----- EXERCISE DATA

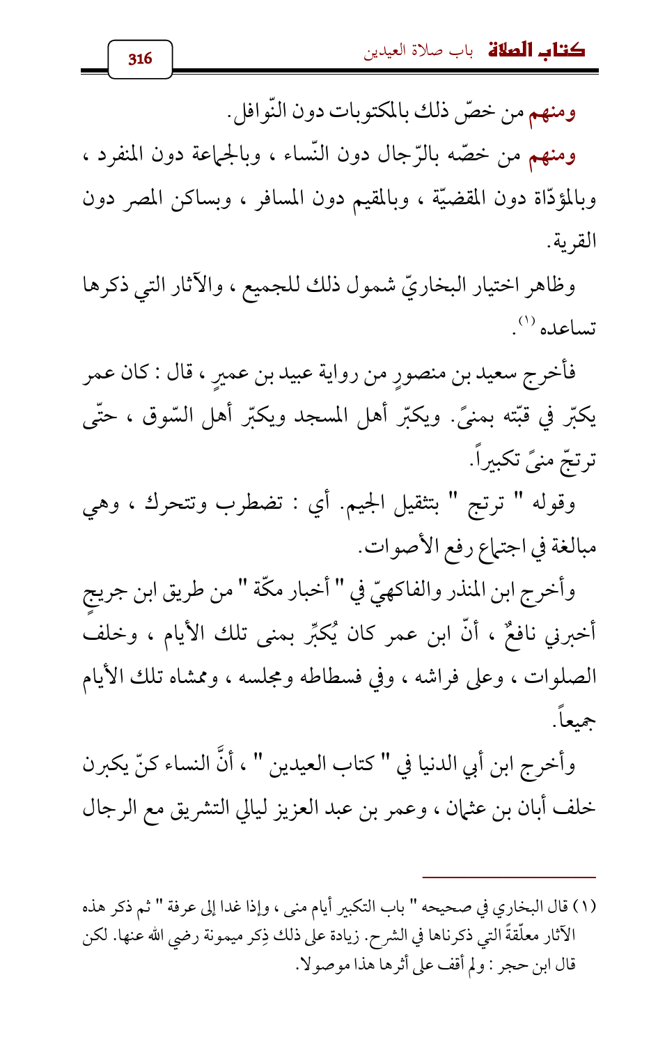 (¬1) قال البخاري في صحيحه " باب التكبير أيام منى , وإذا غدا إلى عرفة " ثم ذكر هذه الآثار معلّقةً التي ذكرناها في الشرح. زيادة على ذلك ذِكر ميمونة رضي الله عنها. لكن قال ابن حجر: ولم أقف على أثرها هذا موصولا.
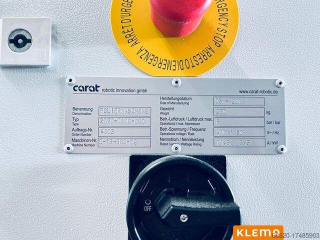 Воспользуйтесь возможностью приобрести высококачественную подержанную шлифовально-полировальную станцию Carat: Этот комплект состоит из шкафа управления и двух прецизионных полировальных машин, оснащенных роботизированным соединением для максимальной эффективности. Идеально подходит для профессионального применения в промышленности.
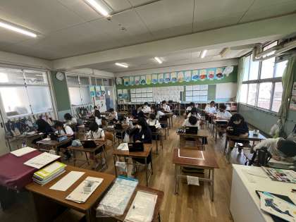 学習者用端末を活用して、原画をよく見ながら描いています。
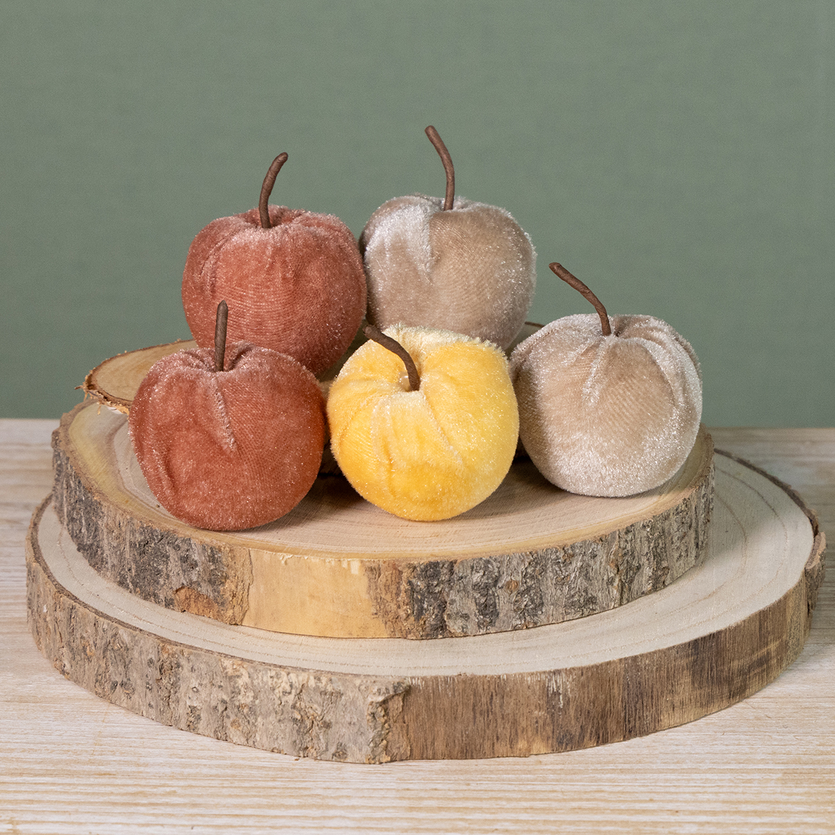 Maçãs de tecido decorativas: elegância aveludada em marrom e amarelo para decoração criativa de mesa no outono
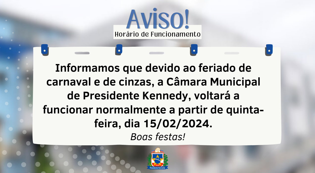 Devido ao feriado de Carnaval e de Cinzas, a Câmara Municipal de Presidente Kennedy estará fechada até o dia 14/02/2024. As atividades serão retomadas normalmente a partir do dia 15/02/2024.
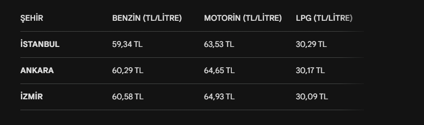Eşel mobil sonrası pompalarda oluşan yeni fiyat tablosu şu şekilde şekillendi:
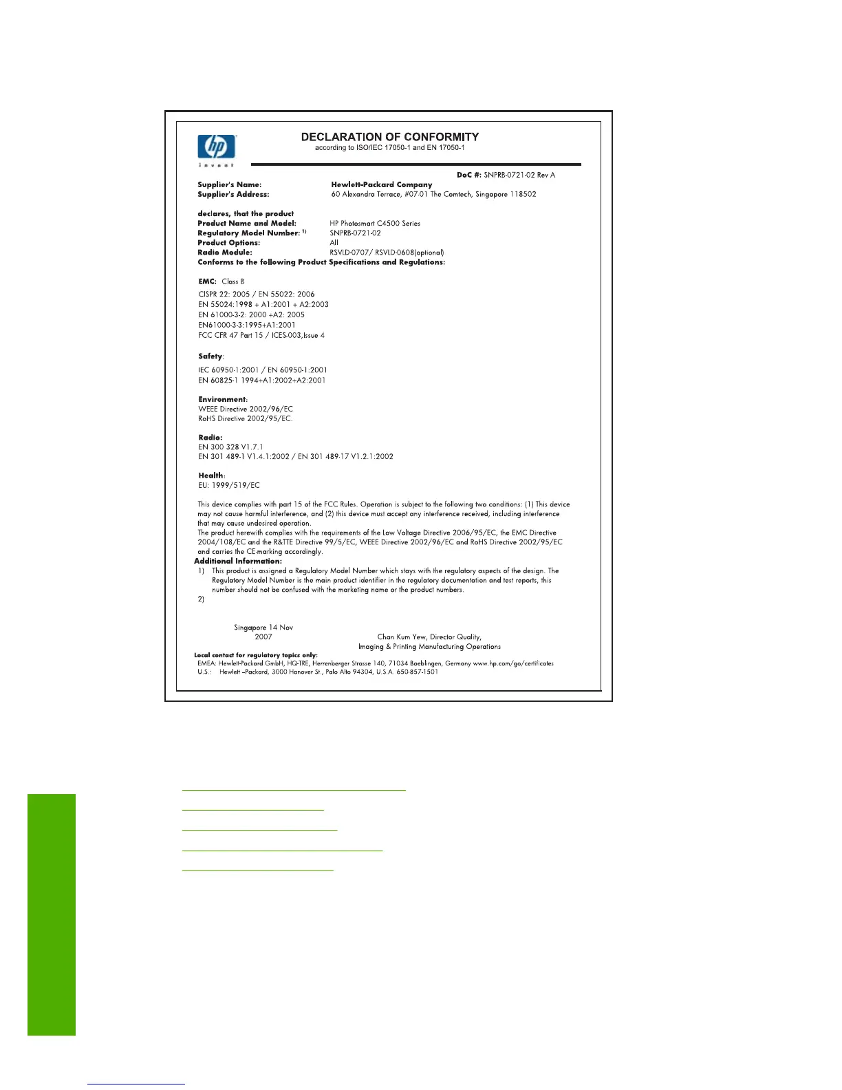 HP Photosmart C4500 All-in-One series declaration of conformity

----------

▶ **WHAT THE TASK REQUIRES**
All that should appear in the answer is the lines above from the line with "学習者用端末を活用して、原画をよく見ながら描いています。" through the line with "Maçãs de tecido", retyped exactly, pictures left out.

▶ **RESPONSE BELOW**
 学習者用端末を活用して、原画をよく見ながら描いています。
 Maçãs de tecido decorativas: elegância aveludada em marrom e amarelo para decoração criativa de mesa no outono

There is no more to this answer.